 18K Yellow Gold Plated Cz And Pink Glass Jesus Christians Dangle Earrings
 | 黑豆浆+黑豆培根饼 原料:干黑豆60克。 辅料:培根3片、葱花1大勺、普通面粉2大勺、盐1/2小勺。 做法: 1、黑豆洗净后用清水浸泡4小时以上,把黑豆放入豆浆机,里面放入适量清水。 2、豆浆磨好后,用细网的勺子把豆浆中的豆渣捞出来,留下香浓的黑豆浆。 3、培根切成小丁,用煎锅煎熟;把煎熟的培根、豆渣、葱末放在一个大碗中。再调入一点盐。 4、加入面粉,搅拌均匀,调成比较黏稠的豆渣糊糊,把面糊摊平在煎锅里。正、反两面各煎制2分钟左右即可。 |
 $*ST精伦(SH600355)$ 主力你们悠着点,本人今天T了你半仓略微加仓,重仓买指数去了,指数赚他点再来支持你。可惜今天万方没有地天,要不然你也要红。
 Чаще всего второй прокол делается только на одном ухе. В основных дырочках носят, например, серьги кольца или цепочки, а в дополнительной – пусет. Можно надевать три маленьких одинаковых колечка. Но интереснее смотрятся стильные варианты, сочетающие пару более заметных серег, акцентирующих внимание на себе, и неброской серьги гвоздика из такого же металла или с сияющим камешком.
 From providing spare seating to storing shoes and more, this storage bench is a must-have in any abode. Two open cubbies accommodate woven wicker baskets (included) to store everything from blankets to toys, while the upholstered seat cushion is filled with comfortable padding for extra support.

==

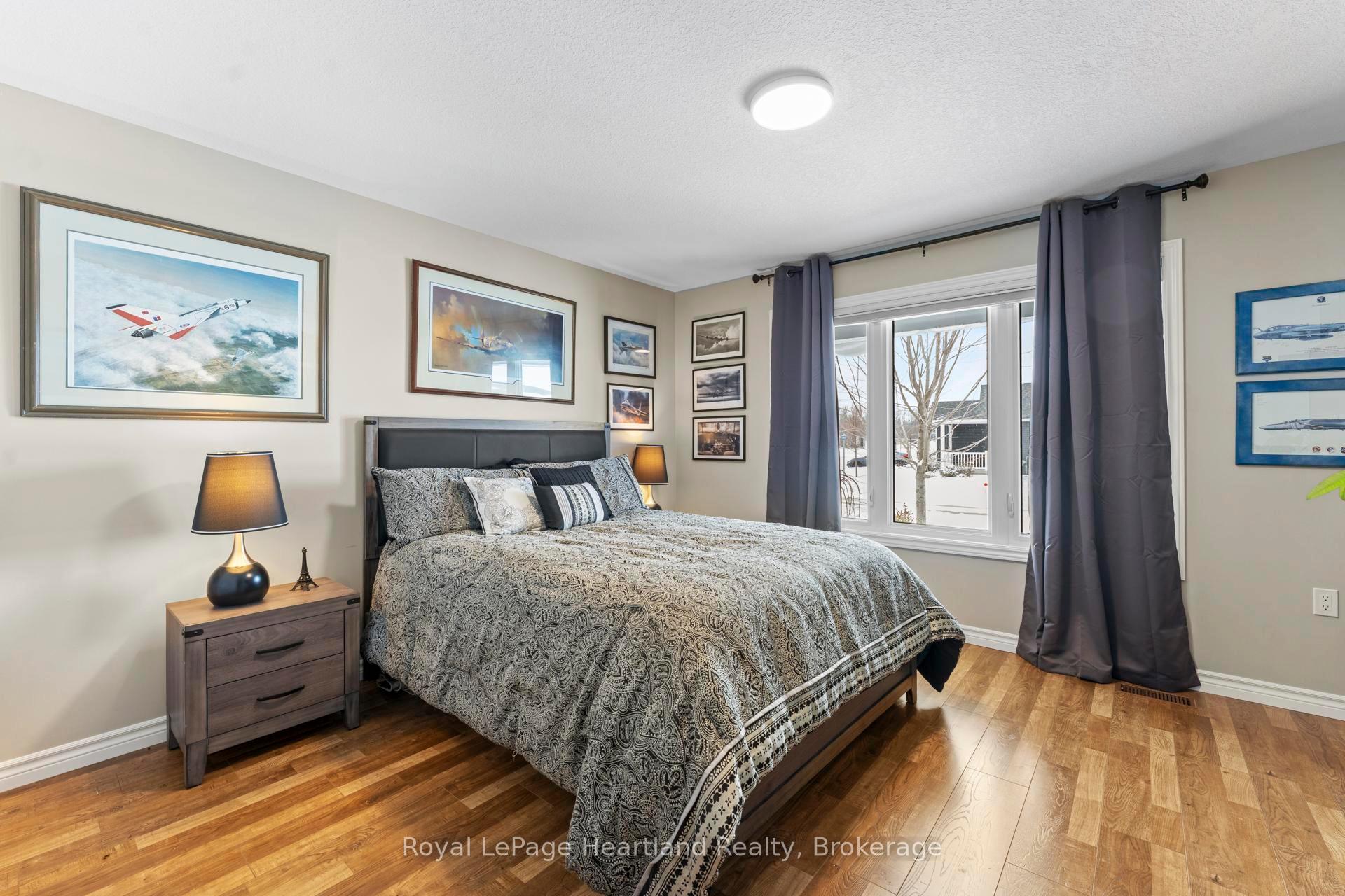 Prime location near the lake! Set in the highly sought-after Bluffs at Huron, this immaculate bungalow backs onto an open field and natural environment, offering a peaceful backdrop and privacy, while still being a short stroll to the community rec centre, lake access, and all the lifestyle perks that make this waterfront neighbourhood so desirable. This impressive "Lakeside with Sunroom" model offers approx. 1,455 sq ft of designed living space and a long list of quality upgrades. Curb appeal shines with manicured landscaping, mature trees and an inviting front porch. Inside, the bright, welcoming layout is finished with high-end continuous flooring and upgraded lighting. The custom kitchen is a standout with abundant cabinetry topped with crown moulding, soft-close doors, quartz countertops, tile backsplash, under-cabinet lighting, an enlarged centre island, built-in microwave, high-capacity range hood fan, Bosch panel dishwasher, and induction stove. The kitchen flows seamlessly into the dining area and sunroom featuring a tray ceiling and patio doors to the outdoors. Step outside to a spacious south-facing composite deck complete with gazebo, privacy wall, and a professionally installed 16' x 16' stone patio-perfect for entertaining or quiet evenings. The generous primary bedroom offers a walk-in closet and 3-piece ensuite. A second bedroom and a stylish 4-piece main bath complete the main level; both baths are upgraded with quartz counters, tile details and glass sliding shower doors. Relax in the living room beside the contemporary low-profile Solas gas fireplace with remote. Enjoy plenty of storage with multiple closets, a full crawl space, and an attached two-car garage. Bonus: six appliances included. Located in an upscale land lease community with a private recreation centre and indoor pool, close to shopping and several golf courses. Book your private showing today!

## TASK STATEMENT:
Please copy, exactly and with nothing else, the lines above beginning at the line that has "18K Yellow Gold" and ending with the line that has "Чаще всего второй".

## ANSWER TO THE EXERCISE:
 18K Yellow Gold Plated Cz And Pink Glass Jesus Christians Dangle Earrings
 | 黑豆浆+黑豆培根饼 原料:干黑豆60克。 辅料:培根3片、葱花1大勺、普通面粉2大勺、盐1/2小勺。 做法: 1、黑豆洗净后用清水浸泡4小时以上,把黑豆放入豆浆机,里面放入适量清水。 2、豆浆磨好后,用细网的勺子把豆浆中的豆渣捞出来,留下香浓的黑豆浆。 3、培根切成小丁,用煎锅煎熟;把煎熟的培根、豆渣、葱末放在一个大碗中。再调入一点盐。 4、加入面粉,搅拌均匀,调成比较黏稠的豆渣糊糊,把面糊摊平在煎锅里。正、反两面各煎制2分钟左右即可。 |
 $*ST精伦(SH600355)$ 主力你们悠着点,本人今天T了你半仓略微加仓,重仓买指数去了,指数赚他点再来支持你。可惜今天万方没有地天,要不然你也要红。
 Чаще всего второй прокол делается только на одном ухе. В основных дырочках носят, например, серьги кольца или цепочки, а в дополнительной – пусет. Можно надевать три маленьких одинаковых колечка. Но интереснее смотрятся стильные варианты, сочетающие пару более заметных серег, акцентирующих внимание на себе, и неброской серьги гвоздика из такого же металла или с сияющим камешком.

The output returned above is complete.